All experts approve that real estate is the best long-term investment to make, and the property investment in Turkey is no exception. Many foreigners have gathered to take advantage of low prices, new building and the potential for capital appreciation.
However, as a second homeowner, you may wonder if it is better to rent out property or sell it and invest the money somewhere else. Some expats living in Turkey have sold up, and deposited the money in savings accounts.
It sounds attractive but base your decision on whether to sell or rent on current market conditions and what makes the most sense financially.
SELLING POINTS TO CONSIDER
1 - Market Availability
In most areas of Turkey, mass availability is keeping house prices down. In Istanbul real estate, new build constructions captivate the market, hence despite the age and conditions of resale homes, they control the price index.
Other regions such as Kalkan, have less land available for building. Thus re-sale homes lead the market, and the higher price bracket shows the lack of availability. If you are not satisfied with your home’s current value, it might be worth renting out and weathering the market until values increase.
2 - Capital Gains Tax
In Turkey, selling the property before five years of ownership incurs capital gains tax, on profit made between the buying and selling prices. In cases, the owner makes a gain of 70.000 Turkish Lira or more, the burden is as high as 35%. In Turkey, it is worth waiting out the five years before selling.
Renting Out Your Home: Points to Think About
1 - Market Demand
Business Insider registered Turkey as the 25th best country for foreigners to buy a rental property and make revenue from it. They estimate rental profits of 3.62% but in a few holiday coastal resorts that can reach as high as 5%.

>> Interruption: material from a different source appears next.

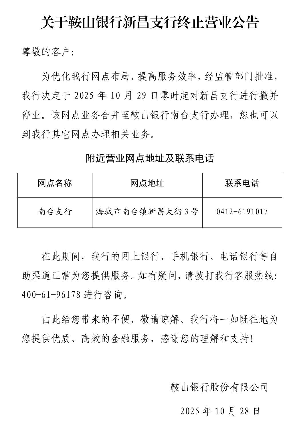 当前位置:首页 > 最新公告 >关于鞍山银行新昌支行终止营业公告

Look at the market and see if there is a demand. In several Aegean and Mediterranean coastal resorts, renters fight to find long term homes because landowners make more money from holiday rentals. However, in Istanbul, you have better chances of finding long term renters because it is a business and education center.

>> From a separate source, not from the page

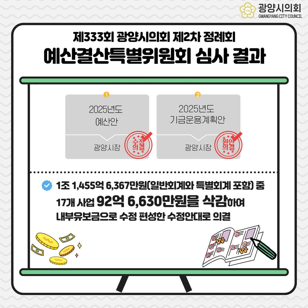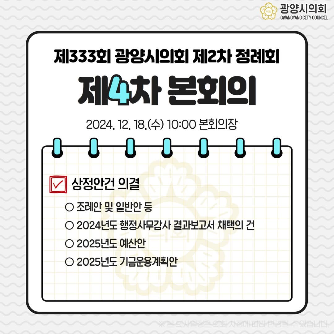 제333회 광양시의회 제2차 정례회 기간 동안 2025년 본예산을 의결하고

2 - Can You Handle Being a Landlord?
Being a landlord takes patience, people skills and on certain occasions, much time out of your day. Occupants often have high stresses, you suffer expenses from maintenance and while cleanliness is everything, some renters leave houses to need urgent repairs.
3 - Paying Tax
Much the same as any other income, landlords in Turkey must register and pay tax. Bottom earnings are tax-free, and you can still claim expenses. You must sign up to the GIYKIMBIL system, announce everyone living in your property, organize and notarize formal contracts and use an accountant to handle financial businesses. Being organized and excellent financial management are much-needed skills that landlords should have.